Consumer champion Which? has revealed that travellers could be losing out or cashing in when exchanging their holiday money, depending on their postcode.
The research found that holidaymakers in some areas had to stump up an additional £25 to change £500 into Euros.
The Post Office and Thomas Cook proved to be the worst culprits when it came to differences in regional exchange prices, effectively subjecting consumers to a “postcode lottery”.
Which? examined the pound-euro exchange in ten UK regions, looking at rates offered by Thomas Cook, the Post Office, Marks & Spencer, Tesco, Sainsbury’s and Asda.

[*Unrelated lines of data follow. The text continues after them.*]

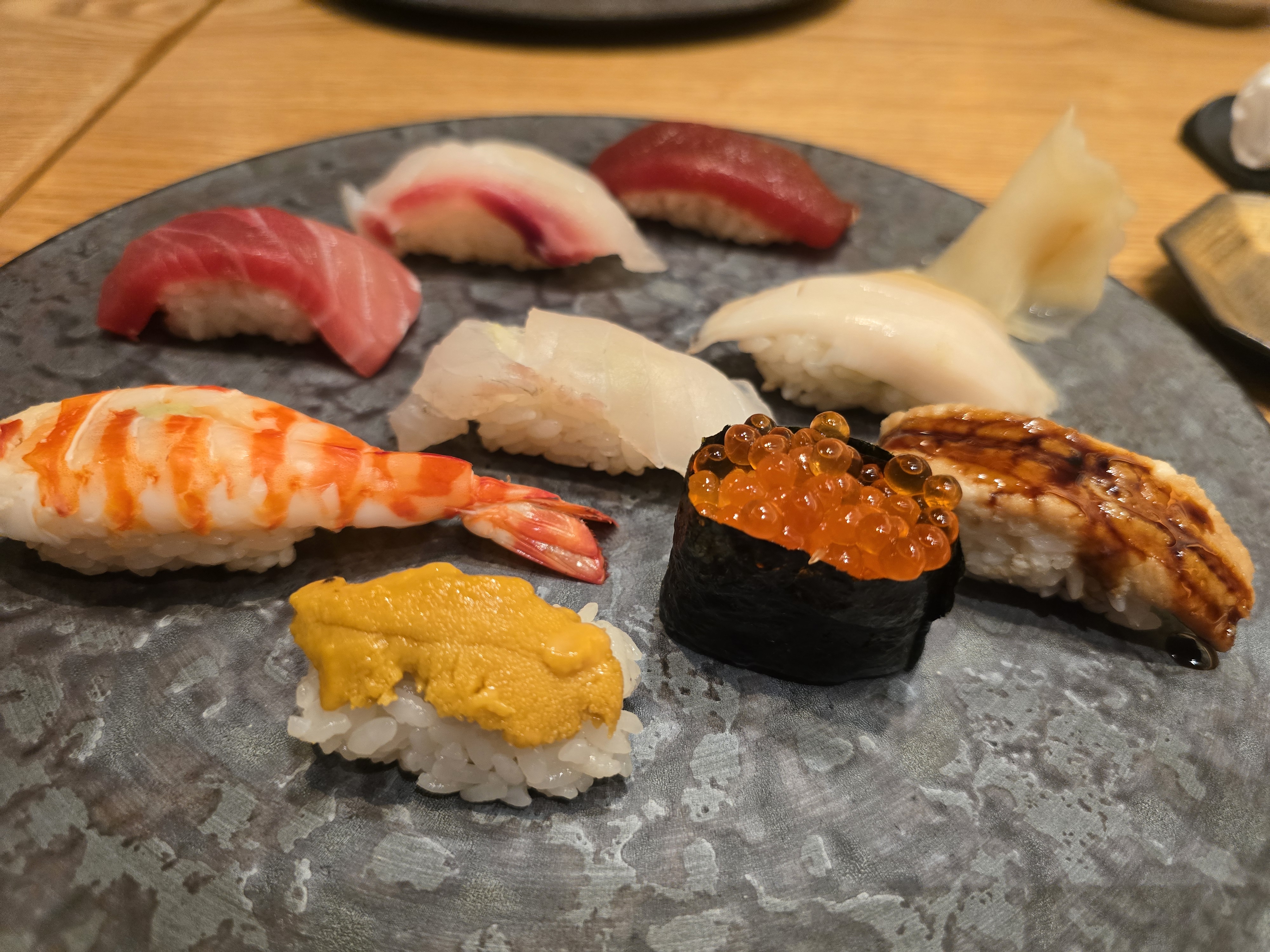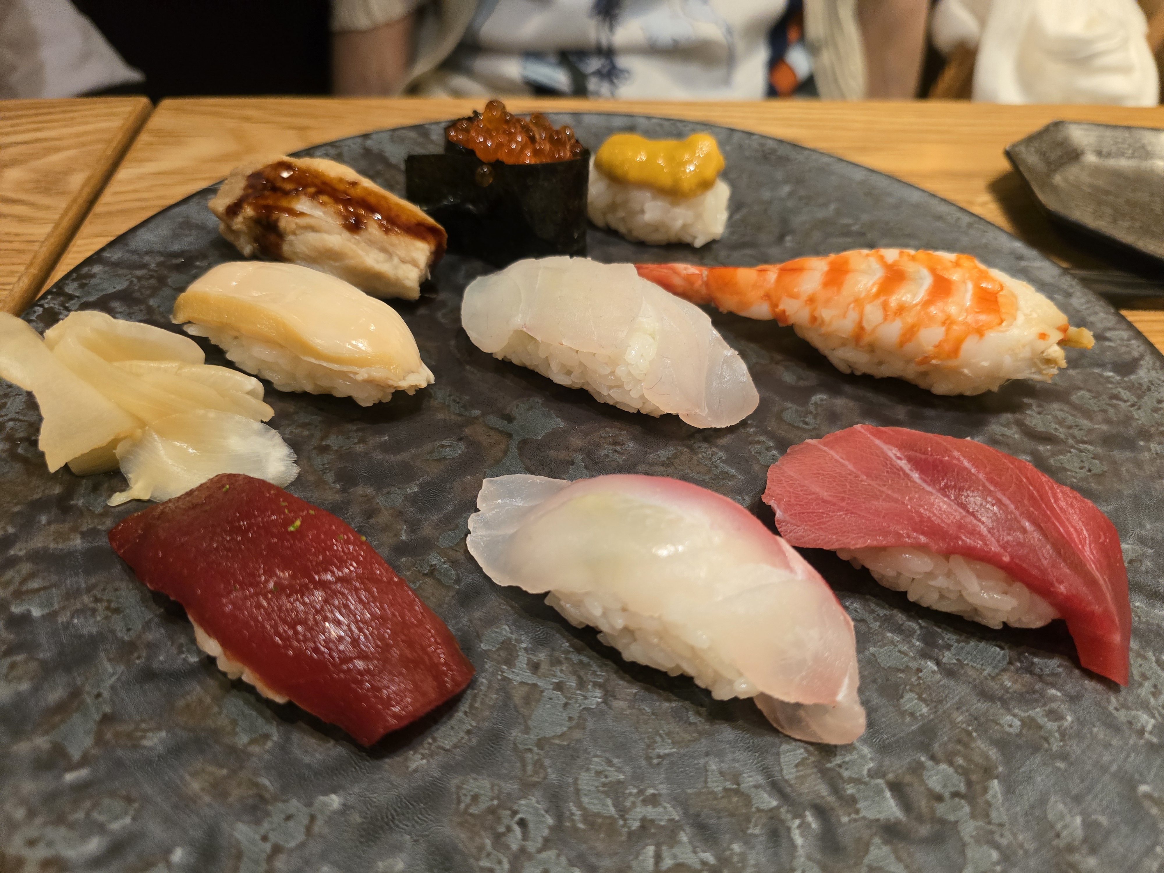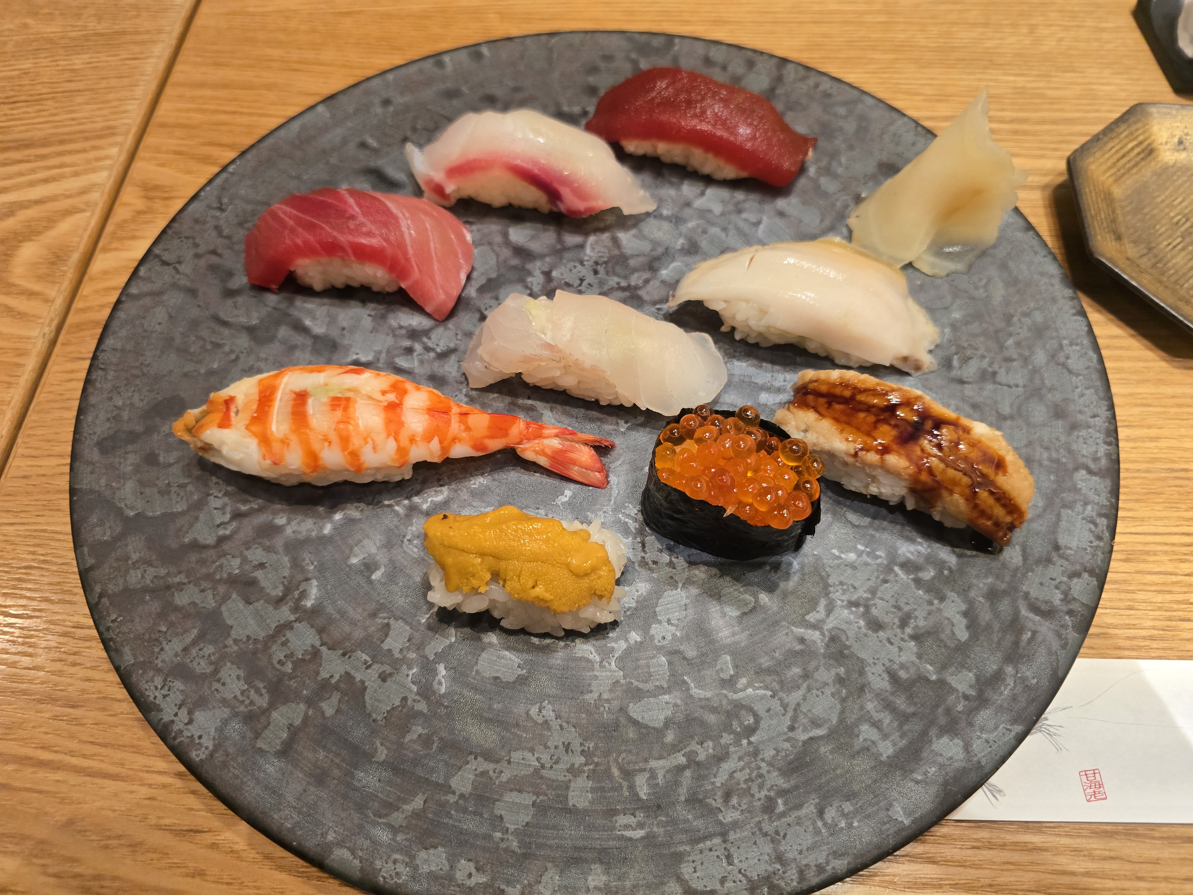 여러가지 먹고 싶은 것은 많았지만 아침을 먹은지 얼마 되지 않아서 기본 스시 9칸세트로 주문하였습니다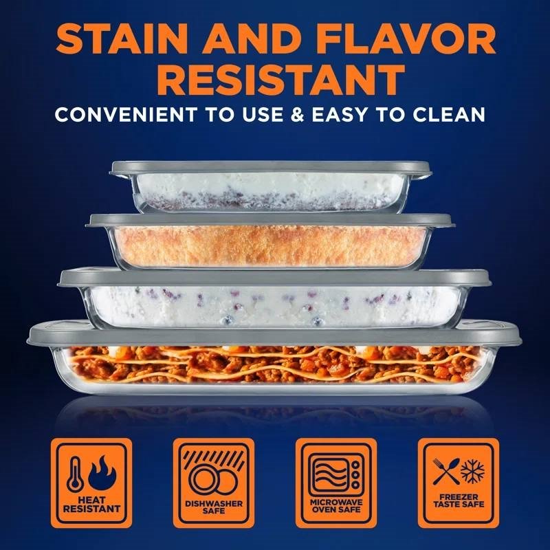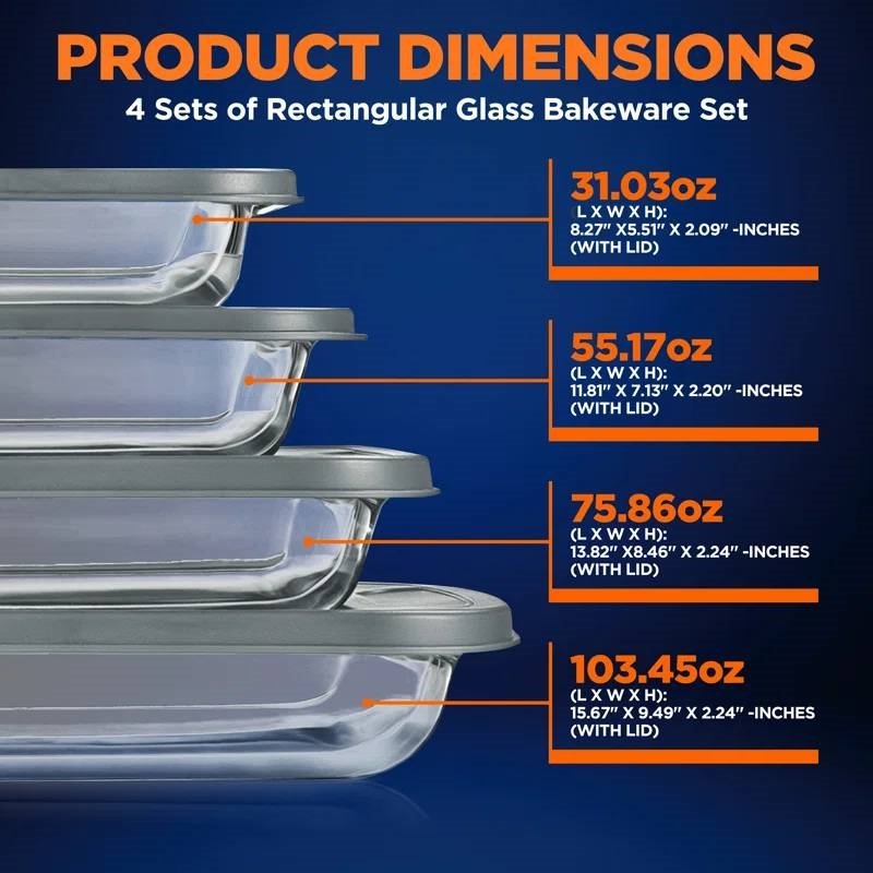 This Set of 4 - Rectangular Oven Safe Glass Bakeware Set with Grey Plastic Lids is a high borosilicate rectangular glass baking dish w/ gray bpa-free pe lids, freezer-to-oven home kitchen bake casserole food storage stackable tray pan, dishwasher safe. The 8-piece bakeware set offers a complete high-quality cooking or baking dish for casseroles, lasagna, or storing leftovers. Includes 0.9-quart, 1.72-quart, 2.4-quart & 3.2-quart capacity baking dishes with 4 BPA-free lids. Made from high borosilicate glass which is more resistant to thermal shock than other types of glass, it is also chemical-resistant & acid degradation making it the safest choice for your cooking and baking needs. Heat-safe even at high temperatures of up to 968‚àûf which is ideal for baking several tasty baked goods or pastries. Make the most delicious chocolate fudge, cookies, brownies, and casseroles, and can also be used as a serving tray. The commercial-grade restaurant quality kitchen bakeware features a non-slip design to prevent kitchen accidents. Also stain-resistant, easy to clean & dishwasher safe but hand washing is recommended to extend pan life. The reusable professional baking set features a space-saving stackable wide tray pan design for convenient storage. It is fully compatible with standard & convection ovens. Suitable for oven, microwave, refrigerator & freezer.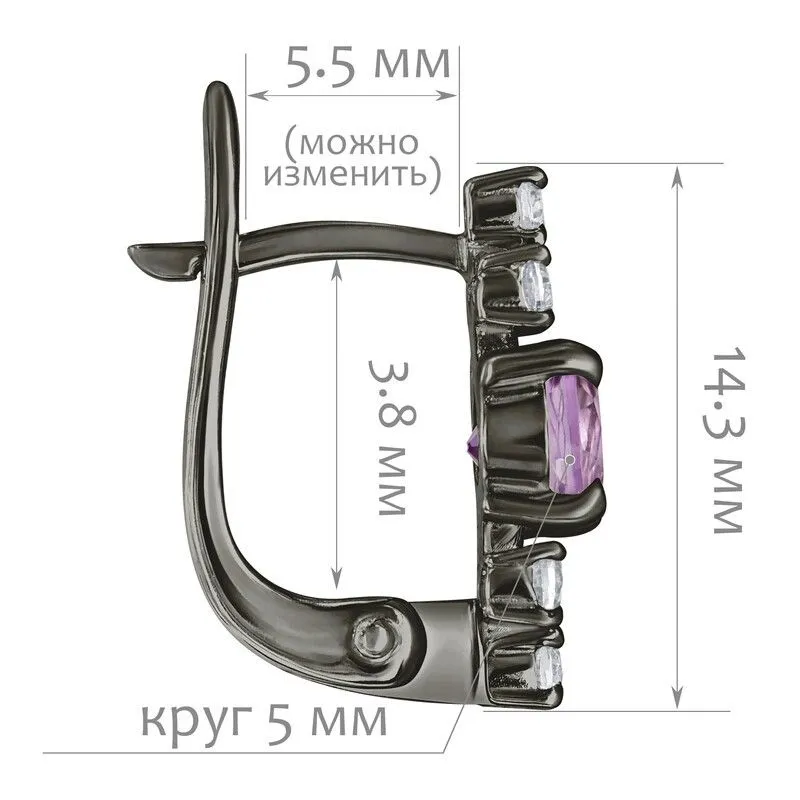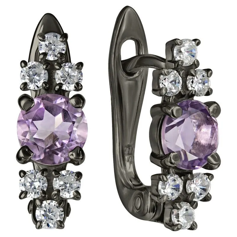 Серебряные серьги с натуральным аметистом (светлый) - коллекция Нова / покрытие Черный Родий.Средний вес украшения с камнями 2.48 гр.Месторождение(я): Аметист (Приполярный Урал, Россия).Ювелирные вставки:Аметист (Натуральный) круг 5 мм., средний вес: 0.48 карат.Белый Нанокристалл круг 2 мм., средний вес: 0.06 карат.Все изделия собственного производства и имеют гарантию 12 месяцев. Арт. 8706BR .
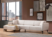 Sofá de canto elegante, branco-sujo, 140 x 270 cm | Estrutura em madeira de faia e aglomerado, 100% poliéster, encosto giratório, inclui 2 almofadas | Design escandinavo moderno

It found that there were “unfair” variations in exchange rates from city to city.
A difference of €31 was recorded when Which? exchanged £500 in Thomas Cook branches in Sheffield and Manchester, where it received €585 and €554 respectively.
This means that holidaymakers are short-changed by roughly £25, money that could have been put towards other travel expenses.
“While we understand that local competition may play a part in the rates set, it is unfair that people are missing out on the best currency exchange rates just because of where they live,” said Richard Lloyd, executive director at Which?.
A discrepancy was also found between branches of the Post Office in London, Glasgow and Birmingham. While €578.50 was offered in exchange for £500 at the first two branches, customers in Birmingham had to make do with lower figure of €565.
In response, the Post Office argued that it had flexible rates in 400 branches in order to be competitive, but stated that rates are consistent everywhere else.
“All of our customers are able to benefit from a uniform and highly competitive exchange rate, which is offered online for next day delivery free of charge to their home or to a Post Office branch, whichever is more convenient,” said Andrew Brown, head of travel money at the Post Office.
Significant regional differences were also found in branches of Tesco, Asda and Sainsbury’s, while M&S offered the same rates across all areas of the UK.